# Problem statement
Only an exact repetition is needed: the lines from the start of the listing below through the line that contains "Fusible Link And", pictures omitted.

________

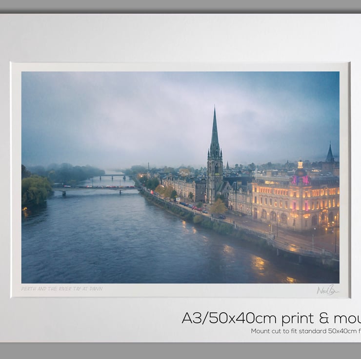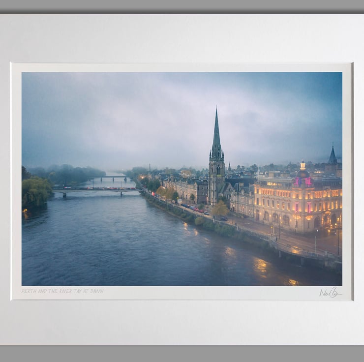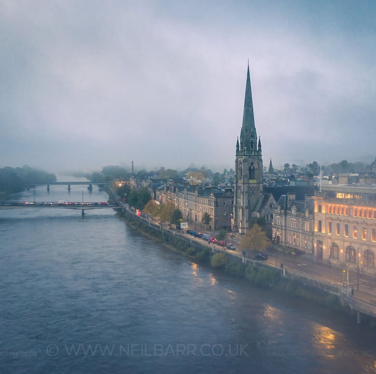 Image: "Perth" - Perth and the River Tay at dawn as mist and fog rolls in, 14 October 2019 - by Scotland photographer Neil Barr
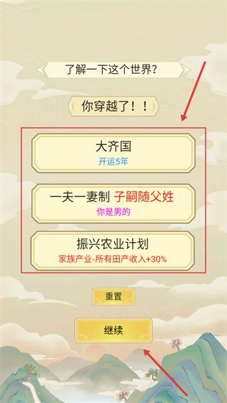 1、开局慎重思考选择天赋能力出身政策制度,所有选项直接决定后续家族发展。
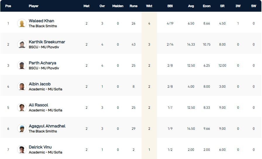 BSCU - MU Plovdiv's Karthik Sreekumar, who has dismissed three opposition batters, occupies second position on the wicket-taking charts. He has 2/14 as his best performance and has conceded an average of 10.75 runs per over.
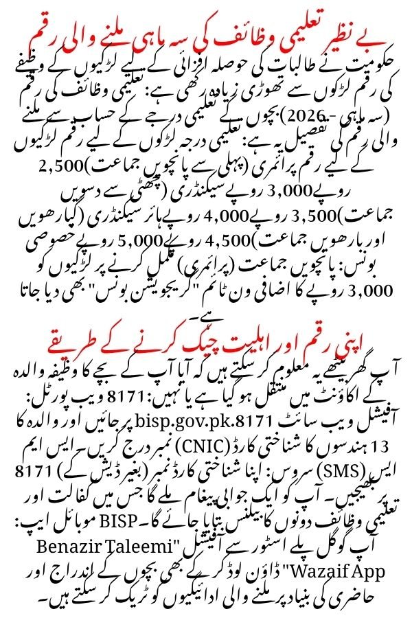 - BISP Mobile App: Log in to the official Benazir Taleemi Wazaif App to track enrollment and attendance-linked payments.
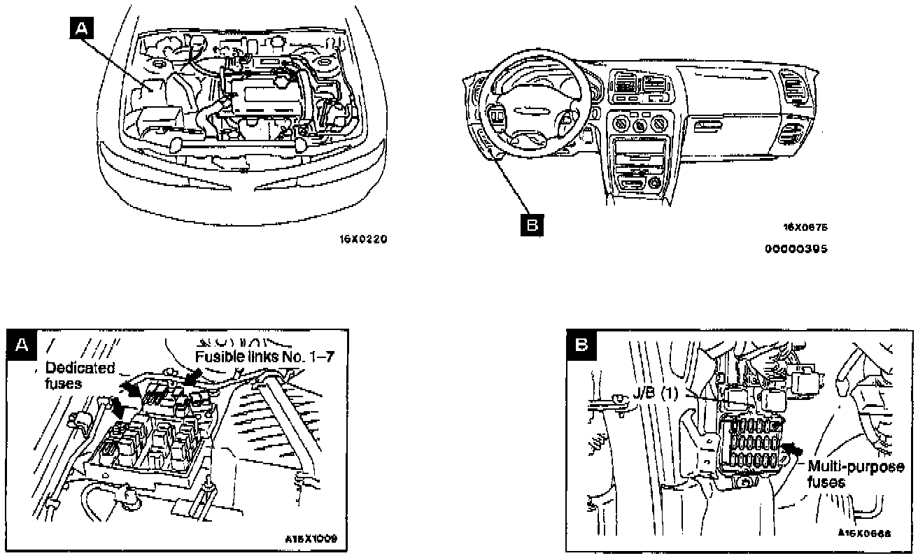 Fusible Link And Fuse Location Overall View And Views A - B:
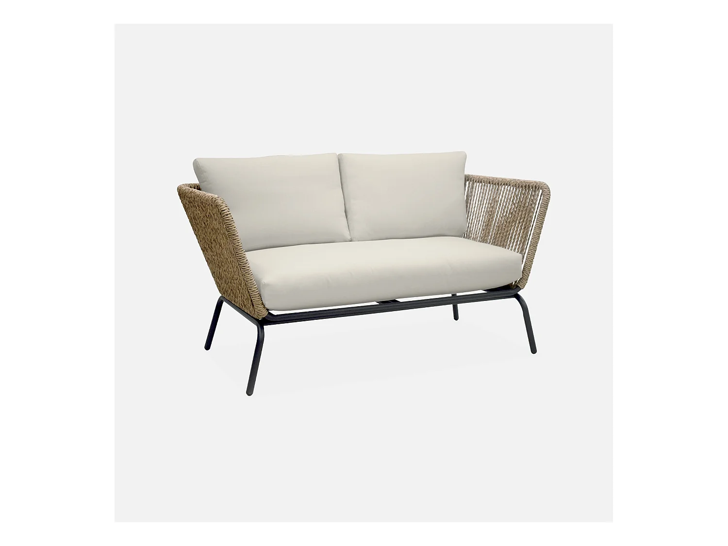 Salotto da giardino in resina intrecciata effetto rattan, 4 posti,
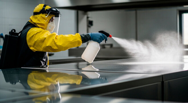 Person in Protective Suit Sanitizing Commercial Kitchen Surfaces
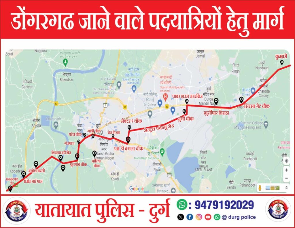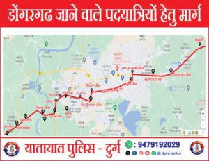 दुर्ग पुलिस अधीक्षक जितेन्द्र शुक्ला के द्वारा दर्शन के लिए डोगरगढ़ जाने वाले पदयात्रियों एवं वाहन चालको के सुरक्षित आवागमन के लिए दिये गये निर्देश पर सुश्री ऋचा मिश्रा, अतिरिक्त पुलिस अधीक्षक (यातायात) एवं श्री सतीष ठाकुर, श्री सदानंद विध्यराज, उप पुलिस अधीक्षक( यातायात) के नेतृत्व में दुर्ग पुलिस द्वारा कुम्हारी से अंजोरा बाईपास तक सुरक्षित कोरिडोर बनाकर रूट निर्धारित किये गये है।
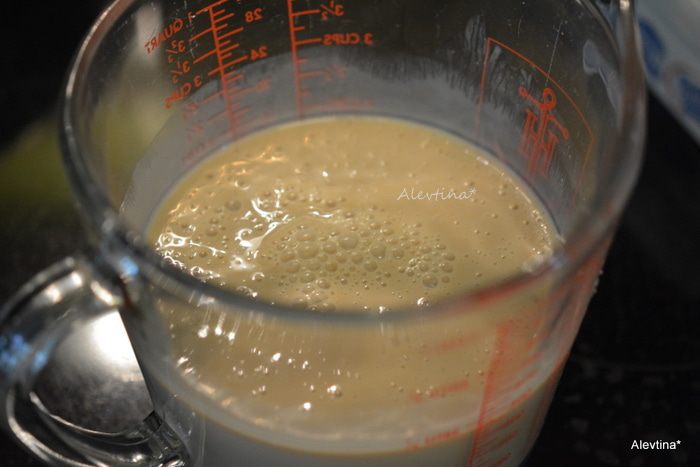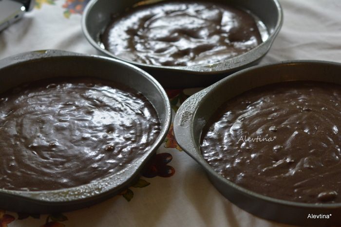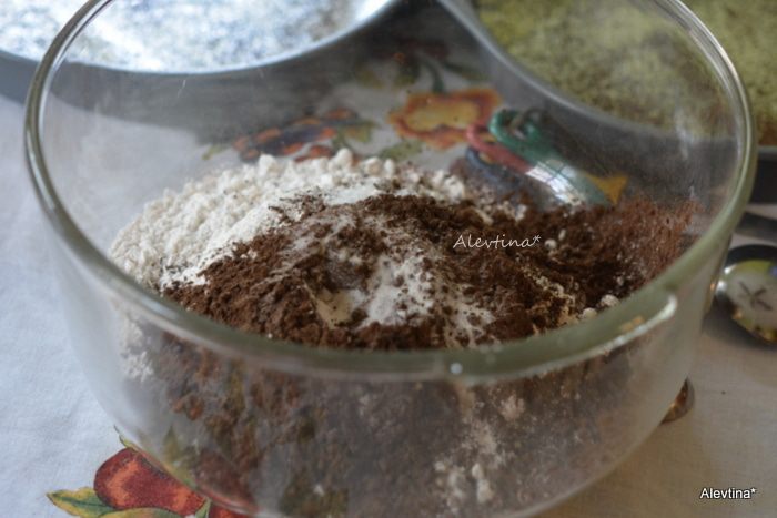 Продолжаем взбивать, всыпать мучную смесь попеременно с кефиром, разделив каждый примерно на 3 части. Добавляем часть кефира, перемешать, затем добавить часть муки, перемешать, опять кефир, муку, кефир, муку, перемешать.
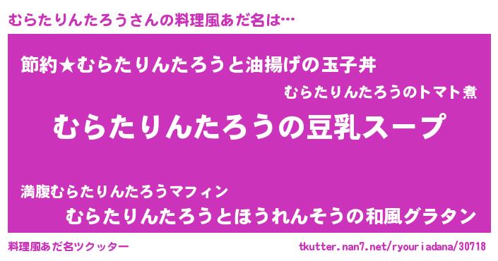 | ピコ太郎風あだ名 | 『ムラ一郎』『ムコ三郎』『ムム太郎』 |

________

# Exercise answer
 Image: "Perth" - Perth and the River Tay at dawn as mist and fog rolls in, 14 October 2019 - by Scotland photographer Neil Barr
 1、开局慎重思考选择天赋能力出身政策制度,所有选项直接决定后续家族发展。
 BSCU - MU Plovdiv's Karthik Sreekumar, who has dismissed three opposition batters, occupies second position on the wicket-taking charts. He has 2/14 as his best performance and has conceded an average of 10.75 runs per over.
 - BISP Mobile App: Log in to the official Benazir Taleemi Wazaif App to track enrollment and attendance-linked payments.
 Fusible Link And Fuse Location Overall View And Views A - B:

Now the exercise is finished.